- TASK TO CARRY OUT -
Keep the pictures out. Copy every line of the listing exactly.

- INFORMATION SHOWN -
• • •

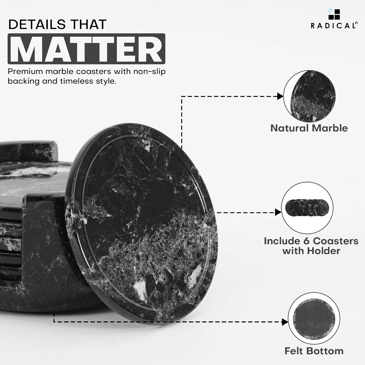 - WHAT IS INCLUDED - 1x Coaster Set. Come along with RADICALn branded secure packaging.
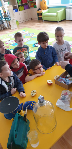 Wychowankowie podczas warsztatów ekologicznych oglądali jak wykonuje się doświadczenia z wodą. Dowiedzieli się w jakiej temperaturze jest gotowana woda i wielu innych ciekawych rzeczy.
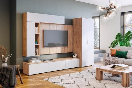 В моде простота. Легкие и практичные интерьеры сегодня на пике популярности и все чаще встречаются как в квартирах, так и в загородных домах. Именно такую незамысловатую, но теплую обстановку Вы создадите с мебелью из коллекции Сканди. Модули выполнены из высококлассного ЛДСП в декоре дуб бунратти в сочетании с МДФ белого цвета. Наружная фурнитура отсутствует - Вы одним касанием откроете и закроете дверцы и ящики благодаря системе push-to-open. Кстати о ящиках: они оснащены шариковыми направляющими полного выдвижения. Фишка коллекции заключается в том, что сразу несколько модулей Вы можете разместить как горизонтально, так и вертикально. Они не потеряют своей функциональности!

• • •

- EXERCISE ANSWER -
 - WHAT IS INCLUDED - 1x Coaster Set. Come along with RADICALn branded secure packaging.
 Wychowankowie podczas warsztatów ekologicznych oglądali jak wykonuje się doświadczenia z wodą. Dowiedzieli się w jakiej temperaturze jest gotowana woda i wielu innych ciekawych rzeczy.
 В моде простота. Легкие и практичные интерьеры сегодня на пике популярности и все чаще встречаются как в квартирах, так и в загородных домах. Именно такую незамысловатую, но теплую обстановку Вы создадите с мебелью из коллекции Сканди. Модули выполнены из высококлассного ЛДСП в декоре дуб бунратти в сочетании с МДФ белого цвета. Наружная фурнитура отсутствует - Вы одним касанием откроете и закроете дверцы и ящики благодаря системе push-to-open. Кстати о ящиках: они оснащены шариковыми направляющими полного выдвижения. Фишка коллекции заключается в том, что сразу несколько модулей Вы можете разместить как горизонтально, так и вертикально. Они не потеряют своей функциональности!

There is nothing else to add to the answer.